Jesus hatte die letzten Jahre damit verbracht, durch die Dörfer zu wandern, zu predigen, sich mit den Menschen zu unterhalten und Wunder zu tun. Er war beliebt. Die Leute scharten sich um ihn, folgten ihm nach und hörten auf ihn. Er würde sie befreien. Die Autoritäten hatten Angst vor ihm. Er war ein Held. Dann kam Palmsonntag. Die Leute standen auf beiden Straßenseiten und warteten auf ihn. Sie wedelten mit Palmzweigen, als er auf einem Esel einzog. Sie grüßten ihn und riefen 'Hosianna!' Sie feierten den Mann, den sie verehrten. Der Mann, der genau so war, wie sie ihn haben wollten. Sohn Davids, Retter Israels...
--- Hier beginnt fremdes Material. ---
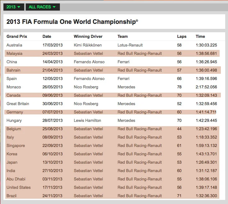Last season I couldn't help but notice how lopsided the results were (see picture to the right). Of the 19 race meets for the season of 2013, 13 were won by Sebastian Vettel of Red Bull Racing-Renault. In fact, he consecutively won the last 9 races.

… Coming Out: So viel Freiheit, so viel Freude, endlich ich selbst zu sein. Endlich so zu sein, wie Gott mich wollte. Am Palmsonntag war Jesus noch ein Held. In den Tagen danach zeigte er sich als der, der er wirklich war: Kein politischer Führer, kein Kämpfer gegen die römische Macht, kein brillianter Philosoph. Nur ein Mann Gottes, der ohne Grenzen geliebt hat und bereit war, sein eigenes Leben dafür zu opfern. Kein Held, nur ein verwundbarer Mensch, der sich entschieden hatte, der zu sein, den Gott in ihm gesehen hat. Und die Menschen hassten ihn dafür. Sie waren enttäuscht. Einer verriet ihn, viele verleugneten ihn. Und die Meute schrie: „Kreuzigt ihn!“...

… Palmsonntag war der Tag ohne Wiederkehr für Jesus. An einem festlichen Tag stand er an der Grenze zwischen Leben und Tod. Bevor er endgültig in die Realität von Hass und Gewalt eintauchen musste. Unzählige kennen auch heute das Gefühl. Aber seit Jesu Tod und Auferstehung wissen nicht nur Gläubige, dass dahinter die Freiheit liegt. Hinter den Schmerzen, Verletzungen und Kämpfen beginnt neues Leben. Und du wirst sein, der du sein wirst: Liebend und geliebt."